Amsterdam Store Fokke Simonszstraat 10, 1017 TG Amsterdam , NL
- Handmade goods from local and international artisans.
- Handmade Gothic Arch Candles in an assortment of colors.
- The space hosts creative events and pop-ups.
Fokke Simonszstraat 10
WHAT WE LOVE
A makers collective showcasing goods from local and international artisans. We especially love the beautifully-hued beeswax Atelier Hop Arch Candles made by founder and shopkeeper, Sanne Hop. Sanne was inspired by the handmade dresses her talented grandmother made for her as a child, and the retailing heritage of her grandfather and parents, opened her own shop.
"It’s a makers collective, where I happily bring together small makers from all around the world, and where I present my own work too. Everything that is sold in the shop is handmade and has a bit of the heart and soul of the maker in them. All together I would say it’s a unique collection of beauty."
What makes Atelier Hop so unique? It’s a makers collective, where I happily bring together small makers from all around the world, and where I present my own work too. Everything that is sold in the shop is handmade and has a bit of the heart and soul of the maker in them. All together I would say it’s a unique collection of beauty.
What are Atelier Hop’s “must-have” products? I sell a lot of my candles, my arch candles made of 100% beeswax. They are made from white beeswax, with tiny bits of beeswax color added to them. I sell them in my own shop and these days to other shops too.
Other than that I usually sell a lot of ceramics from various makers. I try to bring together a selection of local makers from the Netherlands to more international ones from the UK and US even, that my customers seem to really enjoy.

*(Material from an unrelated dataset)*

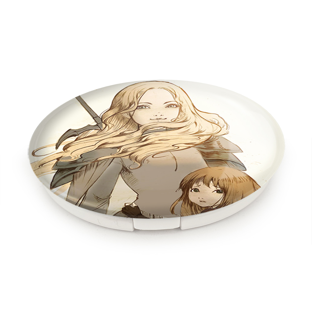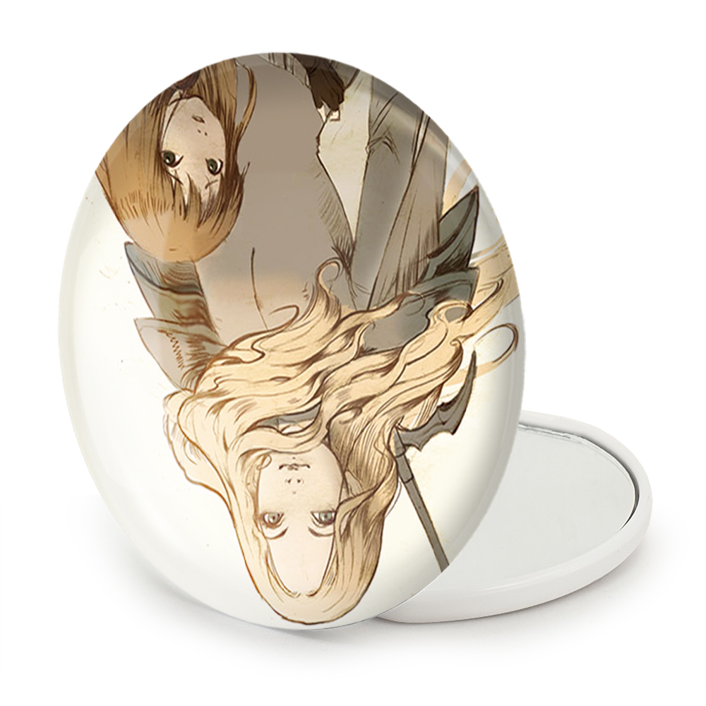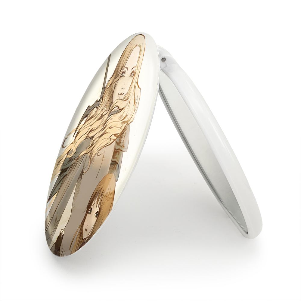 آینه های تاشو ترسا و کلر انیمه کلیمور خندالو، از جنس پلاستیک فشرده ABS تولید شده و به رنگ سفید می باشد. یکی از آینه ها ابعاد واقعی را نشان داده و دیگری با قابلیت بزرگنمایی، جزئیات را بهتر نمایش می دهد. ابعاد هر یک از آینه ها، دایره ای به قطر 7.5 سانت می باشد که نه خیلی بزرگ و غیر قابل استفاده در کیف آرایشی ست و نه خیلی کوچک که تصویر خاصی در آن مشاهده نشود. آینه تاشو ترسا و کلر انیمه کلیمور سایزی استاندارد و کارآمد دارد و در هر کیفی جا میگیرد. چاپ طرح بوسیله چاپگرهای دیجیتال شش رنگ با شفافیت و کیفیتی مثال زدنی بر روی یک وجه از بدنه ی آینه انجام گرفته و با روکش لمینت حرارتی پوشیده شده که در مقابل آسیب و خط و خش مقاوم بوده و کیفیت بالایی دارد. درب آینه بوسیله قفل بدنه ی آن، باز نمی ماند و کاملا بسته می شود و مناسب قرار گیری در کیف لوازم آرایش و کیف های کوچک دستی نیز هست. آینه های تاشو ترسا و کلر انیمه کلیمور خندالو با تنوع طرحی بسیار بالا، سلیقه هر نوع مخاطبی را تامین میکند.

What inspired you to open Atelier Hop? Definitely it leads back to my grandmother, who was such a talented maker in her time. She could really sew anything one would ask for, and there was so much love in everything she created. I remember vividly how my grandmother would make me clothes when I was young. When I would see a coat or a dress I really admired, but my mother could not buy from a shop, I’d turn to my grandmother and ask her if she could make me one exactly like it. I suppose I didn’t completely understand how gifted and miraculous she was at the time. But I do now, and from that great and deeply felt appreciation of the handmade, I started my own shop.

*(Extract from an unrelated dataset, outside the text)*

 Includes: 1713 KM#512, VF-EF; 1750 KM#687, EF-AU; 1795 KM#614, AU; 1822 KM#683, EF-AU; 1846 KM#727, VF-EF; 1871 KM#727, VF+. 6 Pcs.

What did you do before having your own shop? I mostly took care of our four children, a happy and appreciated period of my life for sure. Next to that I started doing some photography from home on the side. Instagram was a great opportunity for that, and it became the place where I connected with many small makers, often mothers like me. We shared values, developed a strong connection, sometimes even friendships evolved. And with a small group of makers I met here, I first started my shop. Those first people I started working with, are still part of my shop. The group of makers is ever growing though.

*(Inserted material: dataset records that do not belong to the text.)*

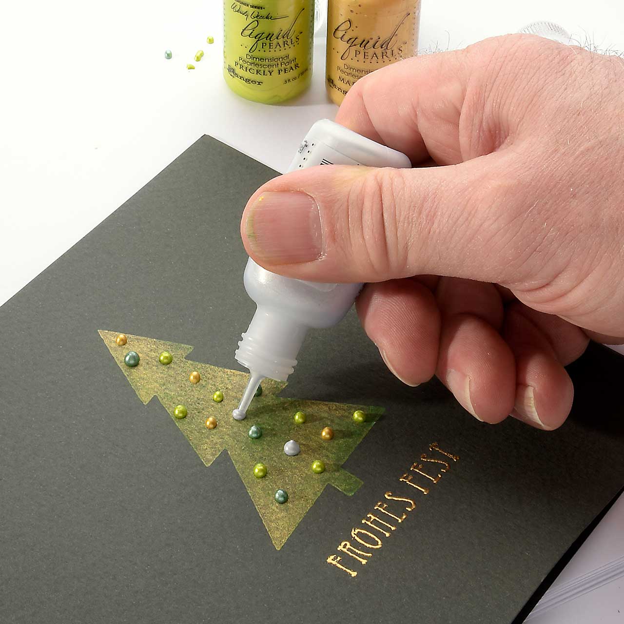 Die Liquid Pearls Farbe trocknet in der Dicke auf, in der Sie sie auftragen. So können Sie mit kleinen, dicken Tropfen Ihr Motiv verzieren. Mit der besonders feinen Spitze des Farbfläschchens können Sie dünne Linien und feine Tropfen auf Ihr Motiv bringen.
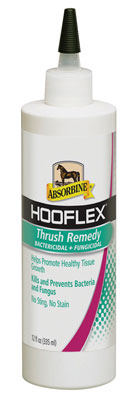 Absorbine Hooflex horse thrush remedy kills and prevents bacteria and fungus that cause thrush and white line disease. Hoof Flex Thrush Remedy helps eliminate associated odors and promotes normal healing. Features squeeze applicator specially designed to reach deep into frog where thrush organisms breed. Does not sting or irritate, does not dry out hoof. Non-staining formula. Contains parachlorometaxylenol and aluminum chlorhydroxy allantoinate.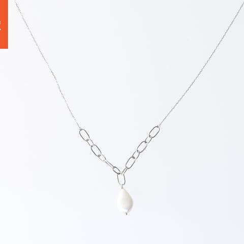 En elegant halskæde bestående af en kæde af sølvfarvet metal. Halskæden er dekoreret med brune og lyse perler i forskellige størrelser, der hænger forskudt langs kæden. Den har en længde på 46 cm og er forsynet med en lås til at lukke. Tags: halskæde, perler, smykker, elegant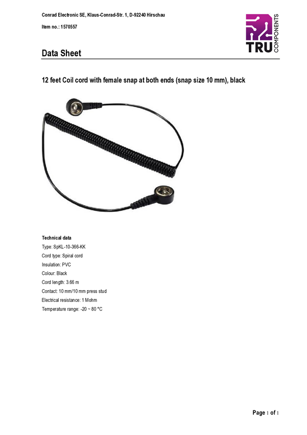 TRU COMPONENTS SpKL-10-183-KK Przewód uziemiający ESD 3.66 m przycisk 10 mm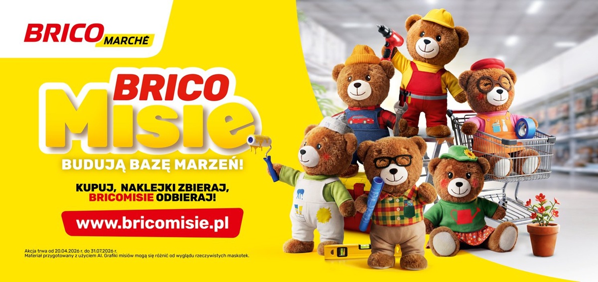 Od 20 kwietnia Bricomarché rusza z nową akcją lojalnościową „Bricomisie”, skierowaną do rodzin z dziećmi. W jej centrum znalazła się kolekcja sześciu maskotek inspirowanych światem domu, ogrodu i majsterkowania. Kampania łączy prostą mechanikę zakupową z opowieścią o wspólnym działaniu, kreatywności i nauce przez zabawę. Akcja potrwa do 31 lipca 2026 r. lub do wyczerpania zapasów.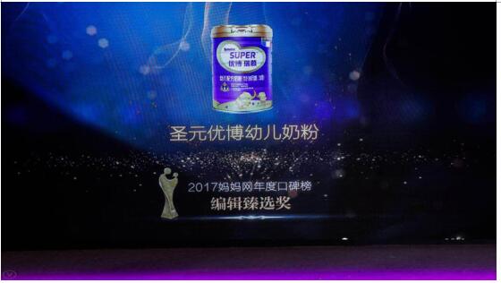 1月30日,妈妈网2018星光大赏在北京隆重举行。盛典上,2017妈妈网母婴品牌口碑榜震撼揭晓,国内知名乳企圣元荣耀上榜,旗下、明星产品——法版优博瑞慕婴幼儿配方奶粉斩获“编辑甄选奖”,获得了在场乳业嘉宾的热烈祝贺。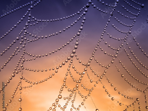 Wall mural : Close up of a spider web with dew drops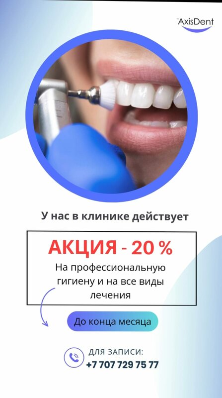 💙 Акция в Axis Dent! Забота о вашей улыбке стала ещё доступнее 🦷 Скидка 20% — на профессиональную чистку — на все виды лечения 📍 Мы работ...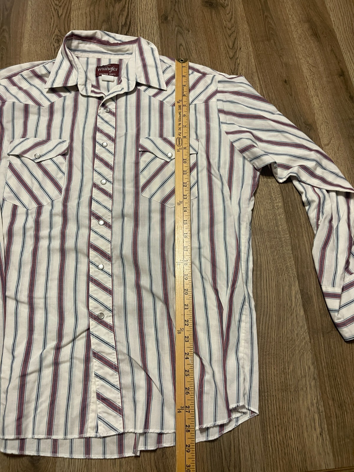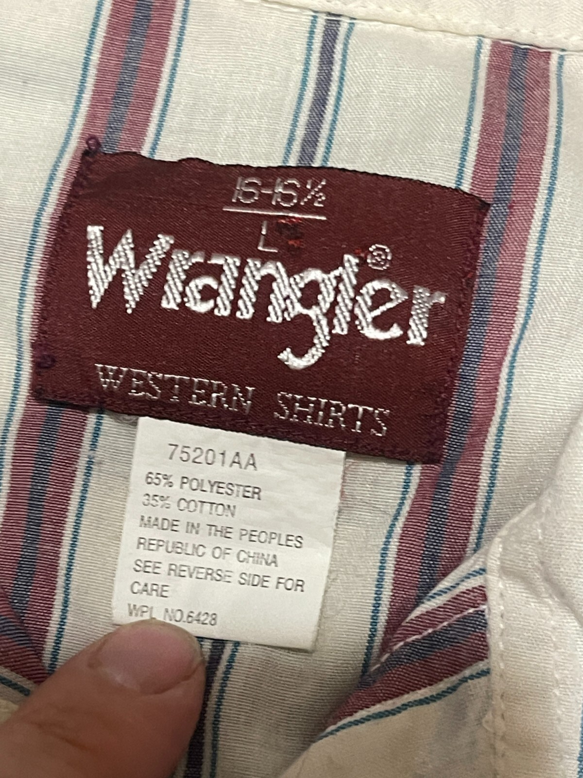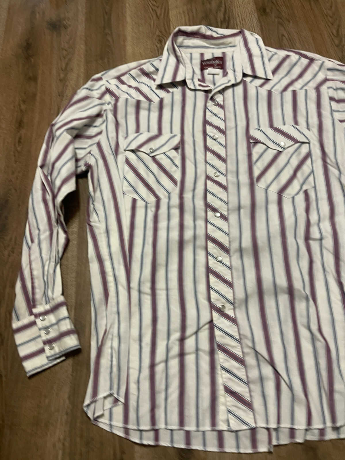 Wrangler Shirt, Men's Size Large, 16-16.5, Rede Blue White, Western, Pearl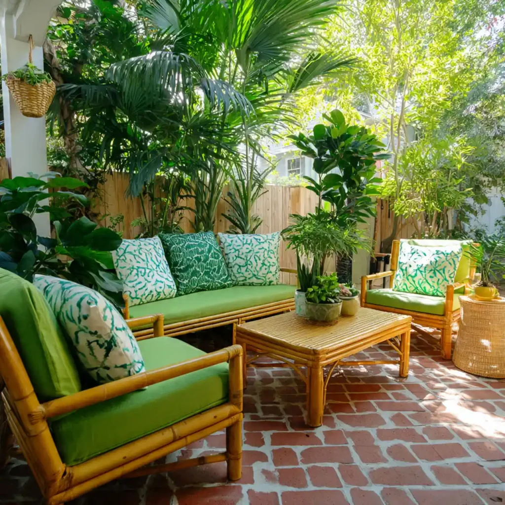 Large leafy plants create a tropical environment. Bamboo furniture enhances the natural theme. Bright cushions add lively colors. Organic materials keep the design fresh. This patio feels like a peaceful holiday escape.

How has the pandemic changed your point of view on retail? I feel very thankful for the online community. People are more aware of what they buy and why they buy it. I think because of the pandemic and shops being closed, people were connecting more online, which logically made it more international. I still have lots of orders from all over the world, and I think and hope it will stay like this. It’s so wonderful to connect to people internationally.
WHAT THE SHOPKEEPER LOVES
Favorite local independent businesses?
Big & Belg, children's shop
Atelier Sukha clothing & home products
Timeless Linen, homeware and linen shop
Woodchuck, everything wood for the home.
Straw London based shop with vintage straw and homeware.
Labour And Wait timeless and functional products, London
Casa González & González timeless genuine and functional products for daily life
Tea + Kate, a curated selection for the home, Felixstowe
Rudy Jude, US based shop with plant dyed clothing.
ON THE FUTURE OF RETAIL
I think we are moving towards a greater appreciation of slowly, consciously made goods. People will buy less, but well-made products. When it comes down to food, clothing, homeware, I think there is a great tendency towards this at the moment. I really hope more and more independent shops will be able to be successful and add to the diversity.